*EXERCISE PROMPT*: Could you give the records below again exactly, without the pictures?
DATA PROVIDED Start Marker
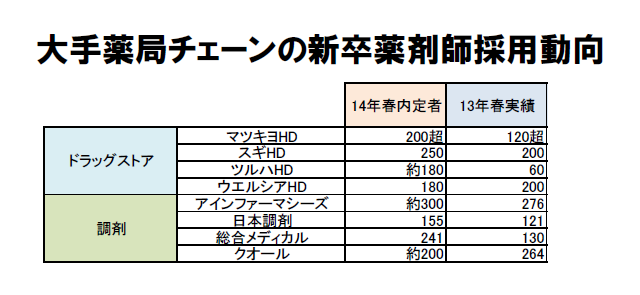 マツモトキヨシHDは調剤併設した店舗の出店を拡大し、13年度は20店、14年度30店と毎年5割増のペースで出店数を増やす計画だ。14年春に約200人を採用するのに続き、15年春には5割増の300人の確保を目指す。
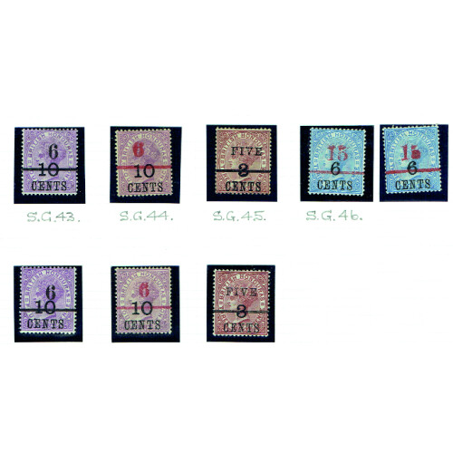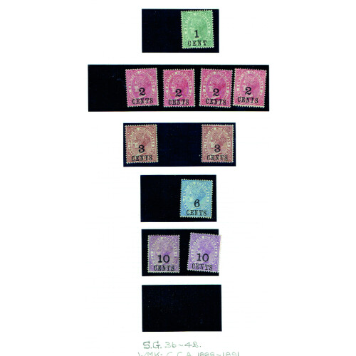 Balance of ex auction lot with mint and used arranged on leaves includes 1865 1d pale blue mint o.g. with short corner (Cat £70), 1s green used (trimmed perfs cat £140), 1872 1d blue unused, 6d rose f.u. (Cat £60), 1s green (2 shades used Cat £83), 1882 1d blue (4 used cat £35 each), 1d rose used (2), 4d mauve used (3), 1891 vals to 50c mint (Cat £235), 1891 surcharges mint (8), 188-91 surchs to 10c on 4d mint, 1888 bisect pair with normal on paper used, etc, jumbled and very mixed assembly with high cat value.
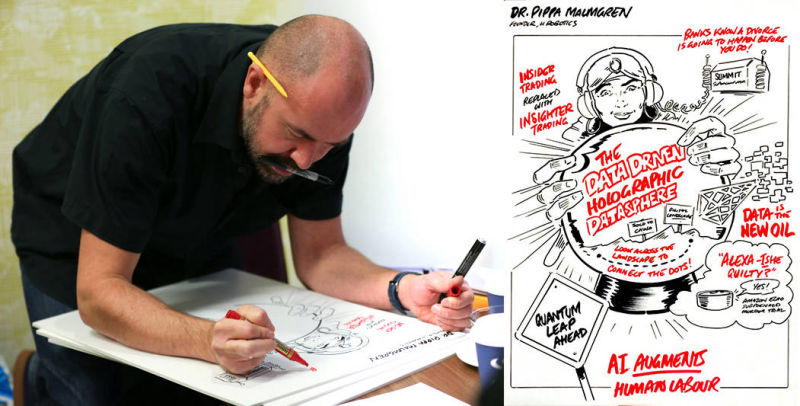 Runnning a conference or event? Use a Visualiser to scribe on a large mural or set of boards. Capture the key messages and learnings from your keynote speakers.
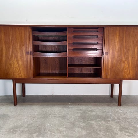 Omann junior Svævende dobbelt skænk i fineret teak opsat på stel af massiv teak .
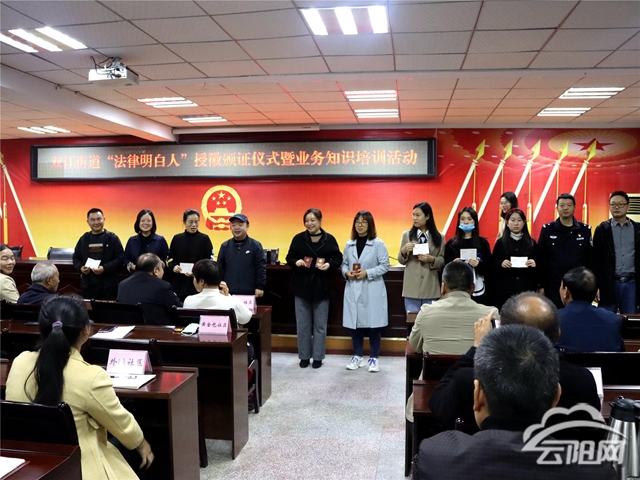 云阳网讯(记者 郑红均 张扬凤)10月27日,双江街道开展“法律明白人”授徽颁证仪式暨业务知识培训活动。
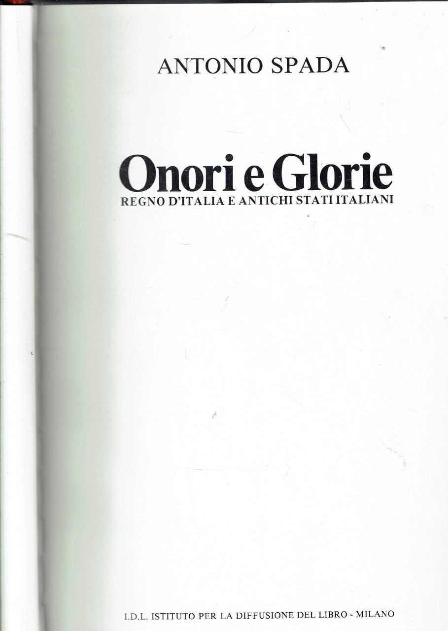 Onori E Glorie Regno D'Italia E Antichi Stati italiani di Spada Antonio
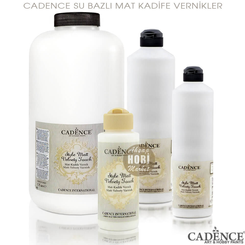 Cadence Su Bazlı Mat Kadife Vernikler, ışığı yansıtmayan, ultra mat ve dokunulduğunda kadifemsi bir yüzey elde etmek istenilen hobi projelerinde tercih edilir. Tercihen iki kat uygulanan cadence kadife vernikler, sürüldüğü yüzeyde yüksek kalitede koruma ve su geçirmez bir film tabakası oluşturur.
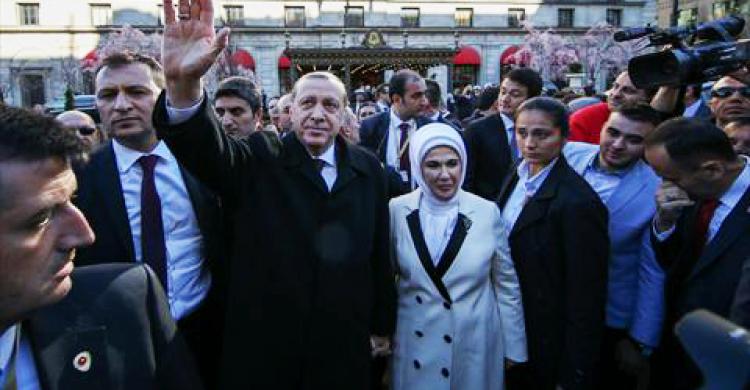 وتظاهر الأتراك الذين قدموا إلى واشنطن من الولايات المختلفة، أثناء انتقال الرئيس أردوغان من قاعدة "أندرس" الجوية، إلى فندق "ريغز" الذي سيقيم فيه مع عقيلته، حيث رحّبوا به، رافعين علَماً تركياً ضخماً.
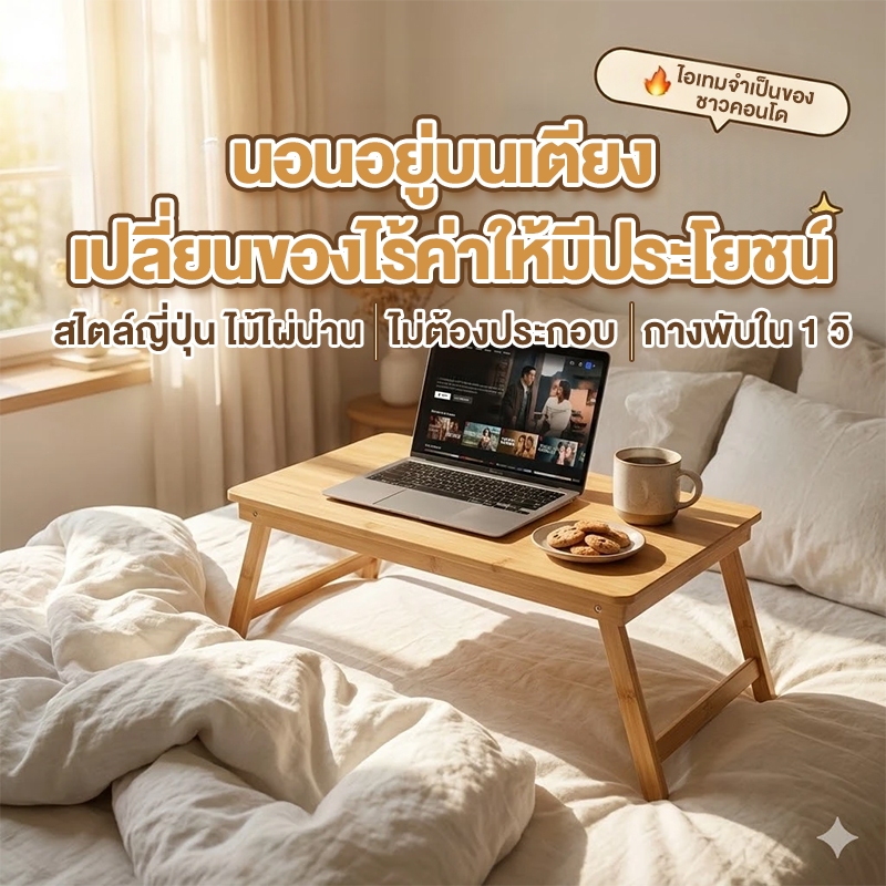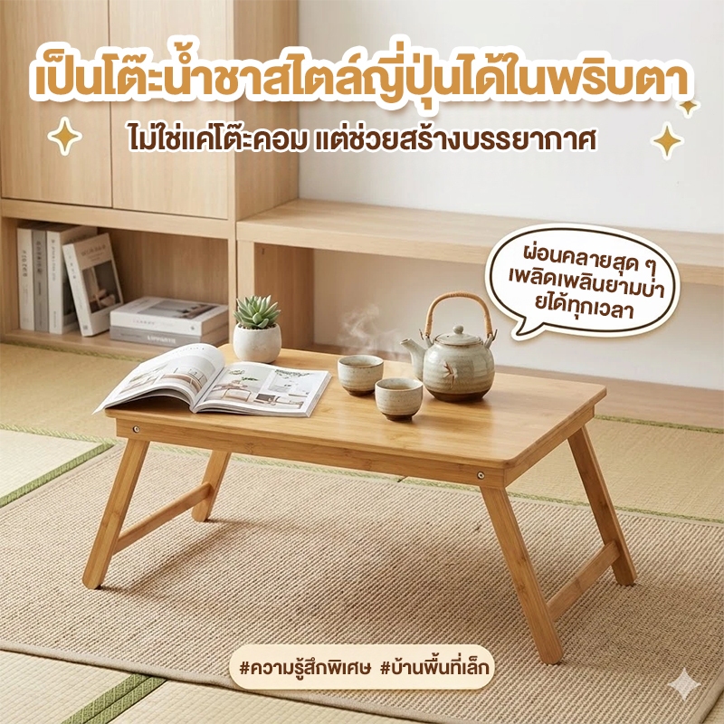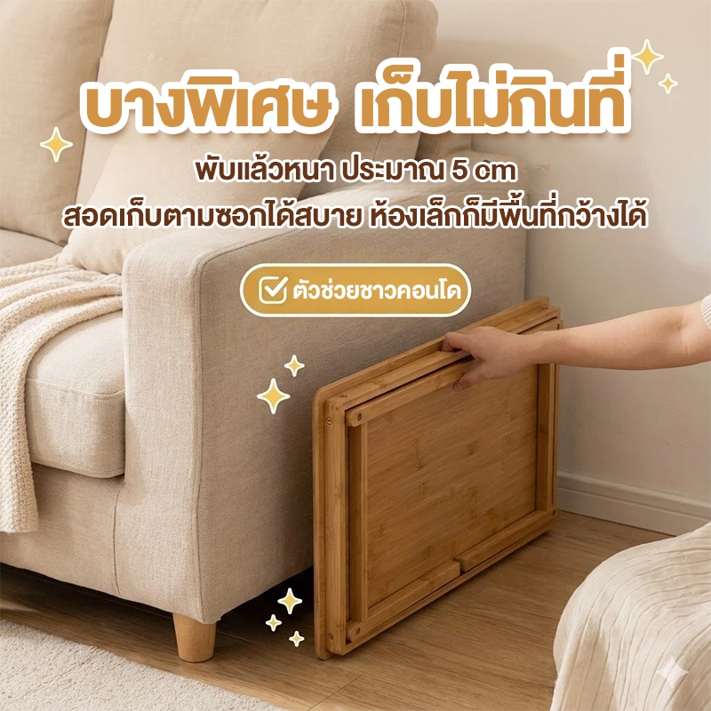 🛒 [Bubu] ✨ โต๊ะญี่ปุ่น แข็งแรง พับได้ ทนทาน ประหยัดพื้นที่ ทำโดยไม้ไผ่ธรรมชาติ โต๊ะวางของอเนกประสงค์
DATA PROVIDED End Marker
*RESULT FOR THIS EXERCISE*:
 マツモトキヨシHDは調剤併設した店舗の出店を拡大し、13年度は20店、14年度30店と毎年5割増のペースで出店数を増やす計画だ。14年春に約200人を採用するのに続き、15年春には5割増の300人の確保を目指す。
 Balance of ex auction lot with mint and used arranged on leaves includes 1865 1d pale blue mint o.g. with short corner (Cat £70), 1s green used (trimmed perfs cat £140), 1872 1d blue unused, 6d rose f.u. (Cat £60), 1s green (2 shades used Cat £83), 1882 1d blue (4 used cat £35 each), 1d rose used (2), 4d mauve used (3), 1891 vals to 50c mint (Cat £235), 1891 surcharges mint (8), 188-91 surchs to 10c on 4d mint, 1888 bisect pair with normal on paper used, etc, jumbled and very mixed assembly with high cat value.
 Runnning a conference or event? Use a Visualiser to scribe on a large mural or set of boards. Capture the key messages and learnings from your keynote speakers.
 Omann junior Svævende dobbelt skænk i fineret teak opsat på stel af massiv teak .
 云阳网讯(记者 郑红均 张扬凤)10月27日,双江街道开展“法律明白人”授徽颁证仪式暨业务知识培训活动。
 Onori E Glorie Regno D'Italia E Antichi Stati italiani di Spada Antonio
 Cadence Su Bazlı Mat Kadife Vernikler, ışığı yansıtmayan, ultra mat ve dokunulduğunda kadifemsi bir yüzey elde etmek istenilen hobi projelerinde tercih edilir. Tercihen iki kat uygulanan cadence kadife vernikler, sürüldüğü yüzeyde yüksek kalitede koruma ve su geçirmez bir film tabakası oluşturur.
 وتظاهر الأتراك الذين قدموا إلى واشنطن من الولايات المختلفة، أثناء انتقال الرئيس أردوغان من قاعدة "أندرس" الجوية، إلى فندق "ريغز" الذي سيقيم فيه مع عقيلته، حيث رحّبوا به، رافعين علَماً تركياً ضخماً.
 🛒 [Bubu] ✨ โต๊ะญี่ปุ่น แข็งแรง พับได้ ทนทาน ประหยัดพื้นที่ ทำโดยไม้ไผ่ธรรมชาติ โต๊ะวางของอเนกประสงค์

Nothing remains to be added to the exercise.